Phronomy is a Ruby AI agent framework inspired by open-source AI agent frameworks.
It provides composable building blocks — Workflows, Agents, and Memory — all powered by RubyLLM for LLM abstraction.

Features

Stability labels: Stable — production-ready, semver-protected API. Beta — functional but the API may change in a minor release. Experimental — subject to breaking changes without notice.

Feature Stability
Workflow — Stateful, branching workflows with wait_state/send_event Stable
Workflow Parallel Node — Concurrent branches via application-level threads Beta
Agent — ReAct-style tool-calling agents with memory and guardrails Stable
Before-Completion Hook — Three-tier LLM parameter injection Stable
Memory — Window, summary, ActiveRecord-backed, semantic, and composite memory Stable
Memory Compression — Automatic summarisation and tool-output pruning Beta
Context Management — Token budget calculation, estimation, and pruning Stable
Knowledge/RAG — Retrieval sources with pluggable loaders, splitters, and vector stores Beta
Multi-agent — Agent-as-Tool pattern and hub-and-spoke handoff routing Beta
TrustPipeline — Self-review loop and confidence gate (citations are LLM-self-reported) Experimental
Guardrails — Input/output validation; built-in PII and prompt-injection detectors Beta
Output Parser — JSON and Struct-mapped parsers for structured LLM responses Stable
Eval Framework — Dataset-driven evaluation with multiple scorer types Beta
Tracing — Pluggable span-based observability Stable
StateStore — Persist graph state to memory, ActiveRecord, Redis, or file system Stable
MCP Tool — Model Context Protocol server integration Beta
Rails integrationAgentJob, acts_as_phronomy_message, and generators Beta

Installation

Add to your Gemfile:

gem "phronomy"

Then run:

bundle install

For Rails apps, run the install generator after bundling:

rails generate phronomy:install

This creates an initializer and the required database migrations.

Quick Start

Agent — ReAct tool-calling agent

class WebSearch < Phronomy::Tool::Base
  description "Search the web"
  param :query, type: :string, desc: "Search query"

  def execute(query:)
    # ... call a search API
  end
end

class ResearchAgent < Phronomy::Agent::Base
  model "gpt-4o"
  instructions "You are a research assistant.

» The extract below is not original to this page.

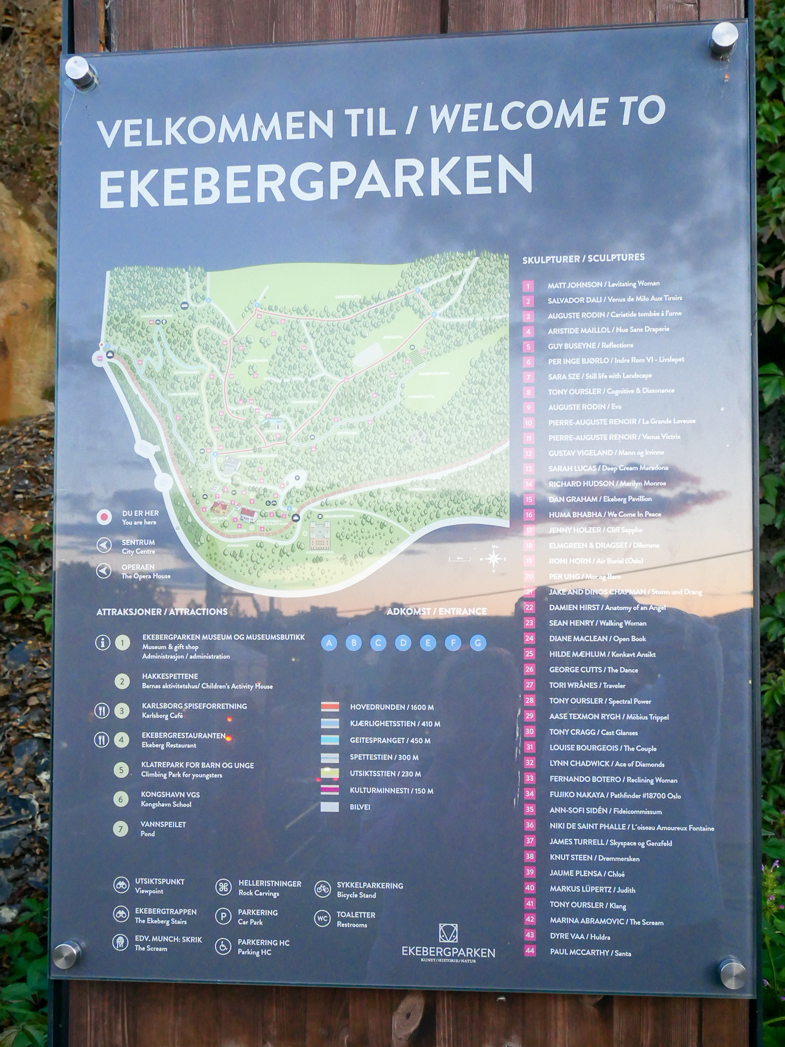 We rode our bikes to Ekebergparken from the city centre. There are no docking stations in the park but there is one opposite Oslo Hospital which is a 2 minute walk from one of the entrances. The park is on a hill with paved trails and surprisingly great views of the city. It’s free with 44 interesting sculptures to find, which can be found here.

Use tools to answer questions."
  tools WebSearch
  max_iterations 5
end

result = ResearchAgent.new.invoke("What happened in AI research this week?")
puts result[:output]

Workflow — Stateful workflow with wait_state/send_event

class ReviewContext
  include Phronomy::WorkflowContext
  field :draft,    type: :replace
  field :feedback, type: :replace
  field :approved, type: :replace, default: false
end

app = Phronomy::Workflow.define(ReviewContext) do
  initial :write
  state     :write,    action: ->(s) { s.merge(draft: Writer.call(s)) }
  state     :review,   action: ->(s) { s.merge(feedback: Reviewer.call(s.draft)) }
  wait_state :awaiting_approval           # halts here for human decision
  state     :finalize, action: ->(s) { s.merge(approved: true) }
  after :write,    to: :review
  after :review,   to: :awaiting_approval
  after :finalize, to: :__finish__
  event :approve, from: :awaiting_approval, to: :finalize
  event :reject,  from: :awaiting_approval, to: :write
end

Phronomy.configure { |c| c.default_state_store = Phronomy::StateStore::InMemory.new }

# First run — halts at :awaiting_approval
state = app.invoke({ draft: "" }, config: { thread_id: "doc-1" })
puts "Halted: #{state.halted?}"   # => true
puts "Draft: #{state.draft}"

# Resume after human approval — pass the halted state and the event name
final = app.send_event(state: state, event: :approve)
puts "Approved: #{final.approved}"  # => true

Multi-Agent — Agent-as-Tool pattern

Wrap sub-agents as Tool::Base subclasses so the orchestrator LLM can call them on demand.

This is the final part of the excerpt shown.